Pennsylvania Takes Valuable Steps Forward To Help Teachers Create Anti-Racist Classrooms
In the Bucks County Beacon, I take a look at some new standards from the Pennsylvania Department of Education aimed at adding culturally sensitive standards to the guidelines for teacher prep programs (and what the anti-”CRT” crowd is likely to think.
The Pennsylvania Department of Education has released standards for Culturally-Relevant and Sustaining Education. This will mark the first time that Pennsylvania has included these sorts of standards in its requirements for teacher preparation programs.
Tanya Garcia, deputy secretary for the department’s Office of Postsecondary and Higher Education, has noted that the standards are meant to address Pennsylvania’s changing demographics. In the 2020-21 school year, students of color were about 37 percent of the student population in Pennsylvania.
Pennsylvania faces unique challenges when it comes to diversity in schools.

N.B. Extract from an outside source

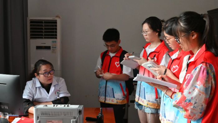 圖為車城街辦鏡譚社區(qū)衛(wèi)生服務(wù)中心的老師帶領(lǐng)實踐隊成員參觀社區(qū)醫(yī)院的基本設(shè)施。熊榮杰供圖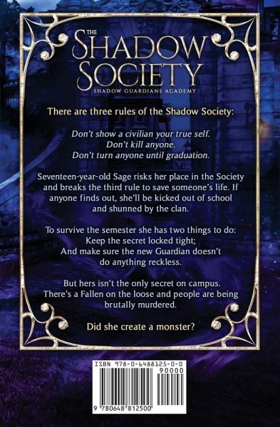 There are three rules of the Shadow Society: Don't show a civilian your true self. Don't kill anyone. Don't turn anyone until graduation. Seventeen-year-old Sage risks her place in the Society and breaks the third rule to save someone's life. If anyone finds out, she'll be kicked out of school and shunned by the clan. To survive the semester she has two things to do: Keep the secret locked tight; And make sure the new Guardian doesn't do anything reckless. But hers isn't the only secret on campus. There's a Fallen on the loose and people are being brutally murdered. Did she create a monster?

The nonpartisan group Research for Action found back in 2020 that Pennsylvania has the fourth-largest gap between students of color (SOC) and teachers of color (TOC). Nationally, the share of SOC was 2.5 times the share of TOC. But in Pennsylvania, the percentage of SOC was 6 times the percentage of TOC.
Of Pennsylvania’s 500 school districts, RFA found that 184 employed zero teachers of color. Only around 25 districts in the state have staffs that are more than 5 percent TOC. By building it’s even more stunning; RFA found that of the 3,200 schools in Pennsylvania, 1,500 had all-white teaching staffs. A dozen schools in the state were 80 percent students of color and 0 percent teachers of color.

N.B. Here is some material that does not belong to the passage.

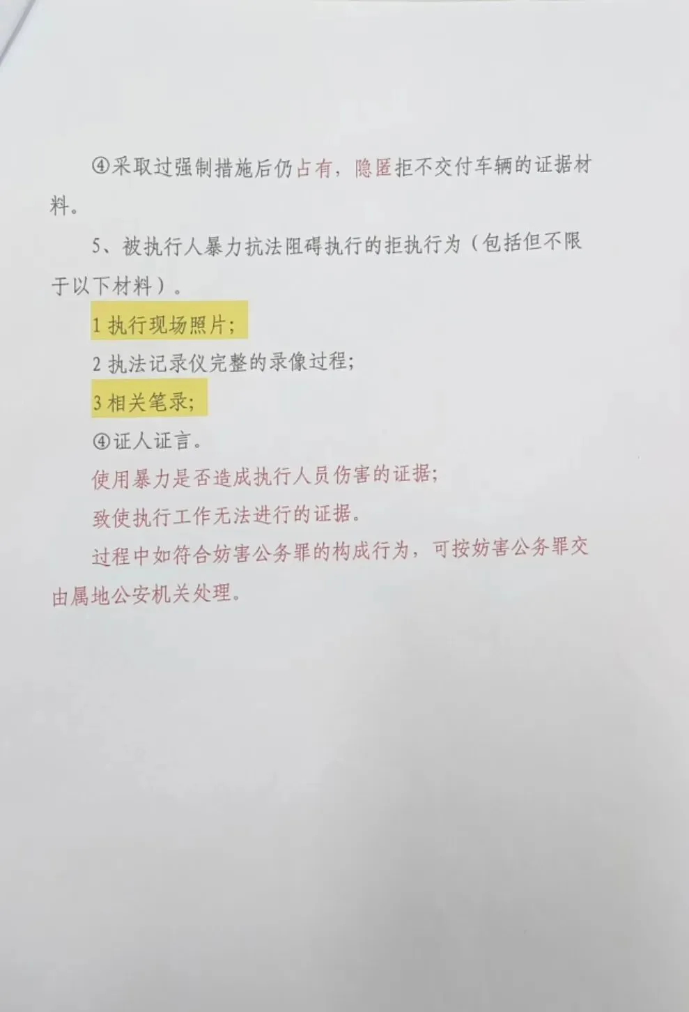 ④采取过强制措施后仍占有,隐匿拒不交付车辆的证据材料。

There are groups, like the Center for Black Educator Development, working to improve the pipeline for teachers of color. But in the meantime, Pennsylvania has a marked need for culturally sensitive teaching. At the same time, conservatives in Pennsylvania have made attempts to ban the teaching of divisive concepts that critics “trace to critical race theory,” and those folks are unlikely to give these new standards a warm greeting. Yet, these standards represent a real attempt to address the need to approach teaching from a more culturally responsive place.